I don't remember my oldest sister much, but I know she loved us and I like to imagine her watching over us from heaven.
My other older sister that has the same mom as I do was the sister that liked to pick on and tease us little kids incessantly. She also took us on a lot of not so age appropriate adventures with her friends and boyfriends that I am not too sure my mother would approve of. Today I don't see her much as she lives far away. She does, however, make a point of letting us know when she will be around so the cousins can play. Three of mine and hers are very close in age and are very good friends. She places a lot of importance on cousin relationships because her very best friend growing up was her cousin. At one time she and I were pregnant at the same time which brought us closer. She is the more crazy, spontaneous, fun, laid back, go with the flow sister.
My older sister the has the same dad as me was always the little mommy type. She liked to take care of us, was always very nice to us, and always included us when her friends were around and they all loved us as much as she did. As an adult I lived with her and her family on two separate occasions when she was trying to help me out. Today we don't see each other much, even though she lives 40 minutes away. However, she is always good to my kids and sees us as much as she can. She is the more reserved, peace keeping, caring, sweet, sensitive sister.
My twin sister and I have always had a love/hate type relationship. We either love or hate each other fiercely. We can switch back and forth between the two every five minutes. It makes my husband crazy. As kids we were very close. We were each others best friend and were always looking out for one another. Today she lives fourteen hours away but comes to visit twice a year for two weeks each time to allow our kids to know their cousins. Read more about our relationship here: Tribute to My Twin. She is the more outspoken, persuasive, thoughtful, generous, fashionable sister.

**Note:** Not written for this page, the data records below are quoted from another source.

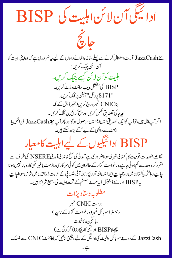 Before using the new JazzCash Launches New Devices for BISP Payments 2025, it is important for beneficiaries to check their eligibility online:
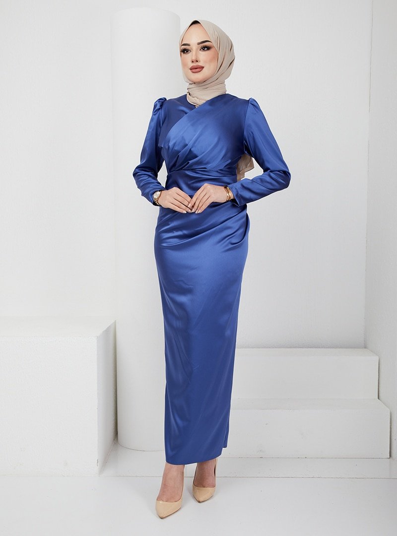 Olcay Koyu İndigo V Yaka Pile Detaylı Saten Abiye Elbise
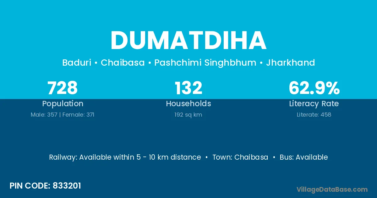 Chaibasa is the nearest town to Dumatdiha village for major economic activities
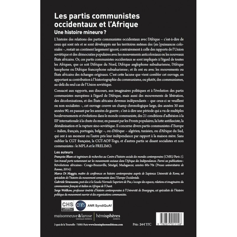 L'histoire des relations des partis communistes occidentaux avec l'Afrique — c'est-à-dire de ceux qui sont nés et se sont développés sur les territoires mêmes des (ex-)puissances coloniales —, restait un continent largement ignoré, contrairement à celle des rapports de l'Union soviétique et des démocraties populaires avec les mouvements anticoloniaux ou les nouveaux Etats africains. Or, ces partis communistes occidentaux se sont impliqués à l'égard de toutes les Afriques, que ce soit l'Afrique du Nord, l'Afrique anglophone subsaharienne, l'Afrique lusophone ou l'Afrique francophone subsaharienne ; et ils ont eu avec les mouvements ou Etats africains des échanges originaux.
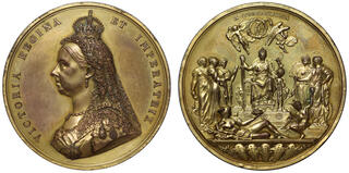 Golden Jubilee of Queen Victoria, 1887, gilt bronze medal by Sir Jospeh Edgar Boehm and Frederick, Lord Leighton, crowned and veiled bust left, J.E.B. incuse on truncation, VICTORIA REGINA ET IMPERATRIX, rev. enthroned figure of Empire facing, Mercury and Time at her feet, around her the figures of Science, Letters, Art, Industry and Agriculture, two cherubs above, IN. COMMEMORATION., diameter 78mm, weight 225g, with later non-Royal Mint blue case (BHM 3219; Eimer 1733a). Toned with multiple rim nicks and abrasion, gilding in fields wearing thin from past cleaning showing copper colour underneath, tinge of green to one part of reverse, handling marks, otherwise almost extremely fine, the gilding applied in the after-market along with the case which has a damp odour and a tear in the hinge of the lining.The Descriptive card that usually comes with this medallion elaborates further thus: In the centre a figure representing the British Empire sits enthroned, with the sea in the background, resting one hand on the sword of Justice, and holding in the other the symbol of victorious rule. A lion is seen on each side of the throne. At the feet of the seated figure lies Mercury, the God of Commerce, the mainstay of our imperial strength, holding up in one hand a cup heaped with gold. Opposite to him sits the Genius of Electricity and Steam. Below, again, five shields banded together bear the names of the five parts of the globe, Europe, Asia, Africa, America and Australasia, over which the Empire extends. On each side of the figure of Empire stand the personified elements of its greatness - on the right (of the spectator) Industry and Agriculture; on the left, Science, Letters, and Art. Above, the occasion of the celebration commemorated is expressed by two winged figures representing the year 1887 (the advancing figure), and the year 1837 (with averted head), holding each a wreath. Where these wreaths interlock the letters V. R. I. appear, and over all the words In Commemoration.The obverse legend translates as Victoria Queen and Empress. Lawrence Brown tells us in British Historical Medals 1760-1960, volume 2, that the issue of these medals began after the actual Golden Jubilee of 20th June, from the 18th July 1887 and sales of which continued until 26th February 1889. The gold and silver versions were struck at the Mint, but the bronze medal production was subcontracted to Ralph Heaton and Sons in Birmingham. The fine gold medal was priced originally at £13/13/-, the fine silver version at £2/2/- and the bronze at 10/6d. The official mintages are 944 in gold, 2,289 in silver and 4,257 in bronze.
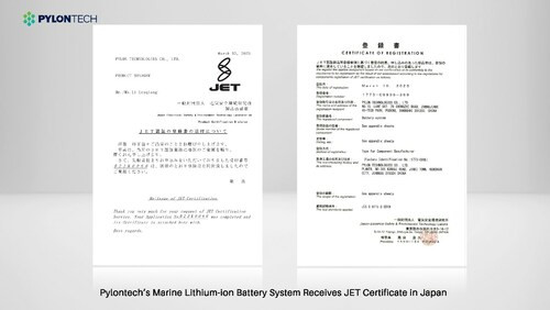 上海、2023年3月30日 /PRNewswire/ -- 2023年3月10日、Pylon Technologies Co., Ltd.(以下「Pylontech」)(ストックNo.:688063)は、同社の船舶用リチウムイオン電池システムが日本でJET認証を取得したと発表した。JIS C 8715-2:2019試験規格にに基づいて発行されたこの認証は、37Ah単セル(型式PF37M)のJET認証、Force H2電力貯蔵システムのSマーク取得に続き、日本市場でPylontechが認められたもう一つ証となった。

My baby sister and I have an indescribably different relationship than I have with the others. Growing up I always felt responsible for her care and was very protective of her. I felt I had to rescue her and many times took on the mother role. After I was married I often took her to my house to stay with me and tried to be a trusted friend to her. No matter what she was going through I was there for her. When I moved away, she even came to live with us for a while. Today we don't see each other much, but we support each other in every aspect of life. We are kindred spirits. She is the more creative, talented, ambitious, playful and silly sister.
All of us are seldom together, unless it is for holidays, and then there are thirty other people around so we really don't get any time with just all of the sisters.
In 2004, we planned a sister weekend. I had one child and my older sisters each had two. It was pretty easy to arrange for the dads to have the kids for the weekend. I was gigantically huge with my second child and due any day so we decided to have it at my house.
Fast forward ten years and we finally has another sister weekend in July 2014!
posing in front of the restaurant |
The weekend started with us dropping 12 littles, ranging in age from 18 months to 12 years, off at my moms to stay overnight. We then went to the hotel. Freedom was ours. We swam, snacked, drank, and did makeovers then we headed out to dinner.
Posing for pics on the patio! |
The next morning I got sick when I gagged myself brushing my tongue! WARNING: DO NOT brush your tongue the night after drinking! Skip it that day.
After checkout we all went to collect our kids. Everyone was safe and sound. We all said our goodbyes and headed to our respective homes.
It was a great weekend, and the best part, NO FIGHTING!! YIPPEE!!
Let's hope another ten years doesn't pass before we do another sister weekend!